I was first introduced to the Alliance for Fair Food by a mentor of mine, Mr. Sivin. The Alliance for Fair Food is a network of people working to support the Coalition of Immokalee Workers (CIW), a completely farmer worker run organization that has established themselves as the most powerful force for labor rights in the world. Immokalee, Florida is where most of the tomatoes we buy and consume are grown. The farmworkers who pick the tomatoes in Immokalee are mostly non english speaking, migrants, many of whom are undocumented. Prior to the coalition's existence, the farmworkers had no voice and no power, and as a result, they were being exploited incredibly; they faced wage theft, verbal abuse, and sexual harassment, and in the worst cases, human trafficking. The CIW developed the Fair Food Program, which ensures that corporations pay a penny more per pound for tomatoes, thus, providing the farmworkers with the needed protections and living wages. For consumers, buying from businesses that are on board with the Fair Food Program means knowing that the tomatoes they are eating do not have the stain of human exploitation on them. In 2005, the CIW won their first major victory by getting Taco Bell to sign on to the Fair Food Program and since then they have gotten other large corporations such as McDonalds, Subway, Chipotle, Trader Joe’s, and even Walmart to do the same. Nevertheless, the CIW was not able to achieve these wins alone and all of these victories wouldn’t have been possible without the help of consumers. The Alliance for Fair Food and the Student Farmworker Alliance (SFA) helped to bolster the calls of the farm-workers by organizing boycotts, staging protests, and educating the general public about the situation at hand.

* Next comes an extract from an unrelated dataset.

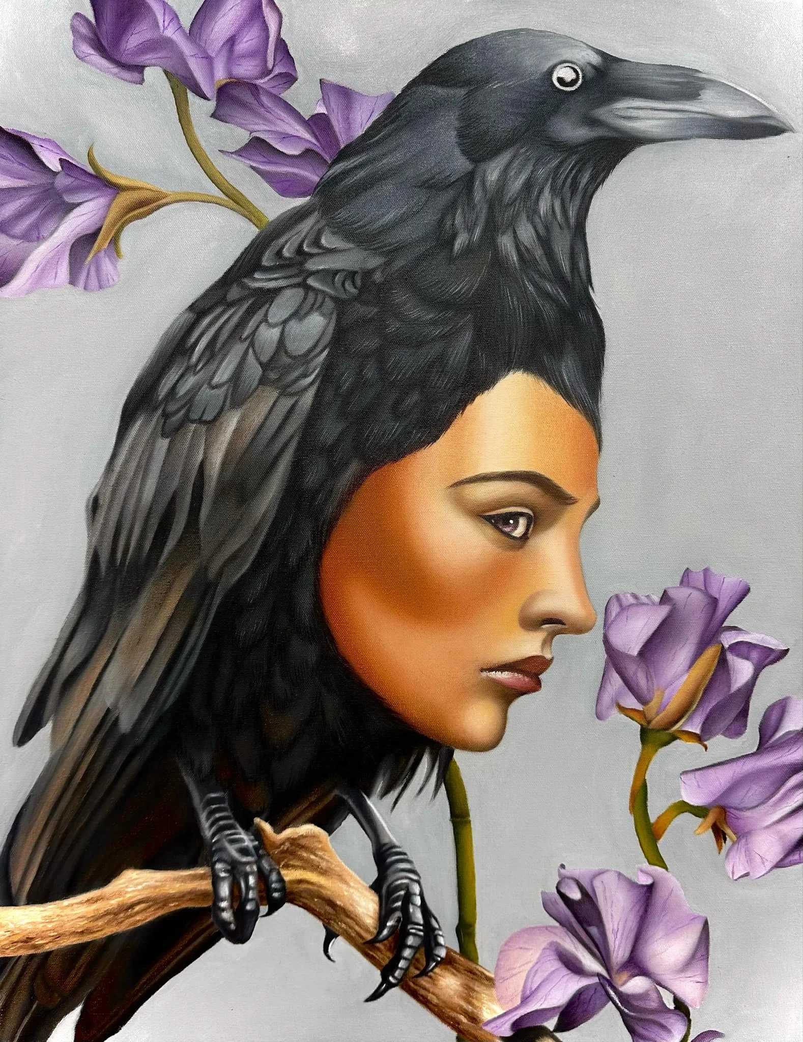 The Raven is a surreal fusion of human and bird, embodying mystery, wisdom, and introspection. A woman’s face seamlessly emerges from the body of a raven, perched solemnly among delicate purple flowers. Her gaze is sharp yet contemplative, as if caught between two realms—instinct and reason, earth and sky. The raven, often seen as a symbol of prophecy and transformation, suggests a story of inner vision and silent strength. The floral elements soften the composition, offering contrast and balance. This piece invites viewers to explore the duality of intellect and intuition, and the quiet power of observation.

The CIW has many accomplishments, but there is still much more to be done, and the work they do is not easy; in fact, it is sometimes dangerous. Wendy’s is the last Fast Food chain under the Yum Brands to have held out from joining the Fair Food Program, and have even, as a response to the backlash from the CIW, moved their tomato suppliers to Mexico, where labor laws are almost non-existent, allowing them to buy cheaper tomatoes with complete disregard for human suffering. The CIW, with support from the AFF and the SFA, launched the Workers Voice Tour, a tour across America to bring Wendy’s to the table once and for all. On March 3rd, they launched their tour in New York, staging a march in midtown Manhattan, and announcing their national boycott of Wendy’s. A group of four Poly students were among the protesters. We watched an incredible popular theatre performance by the farmworkers-done in both english and spanish-that depicted the history of the CIW’s battle with Wendy’s. The performance depicted the wedding of Wendy, herself, and “Mr. Exploitation.” It was clear that the culture of the farmworkers, and of the CIW as a whole, was incredibly vibrant and unwavering despite the struggles they endured. During the speeches protesters were asked “are you cold” and we responded, shouting back “QUE ES ESTO!” (what is that). We then marched to Nelson Peltz, chairman of Wendy’s, office and picketed outside. The whole experience was amazing and it was incredibly moving to see the amount of people, and even more, the types of people, who came out to support this incredible movement for labor justice. People of faith, young people, queer people, and the farmers themselves, all marching along-side each other to demand an end to exploitation of farmworkers.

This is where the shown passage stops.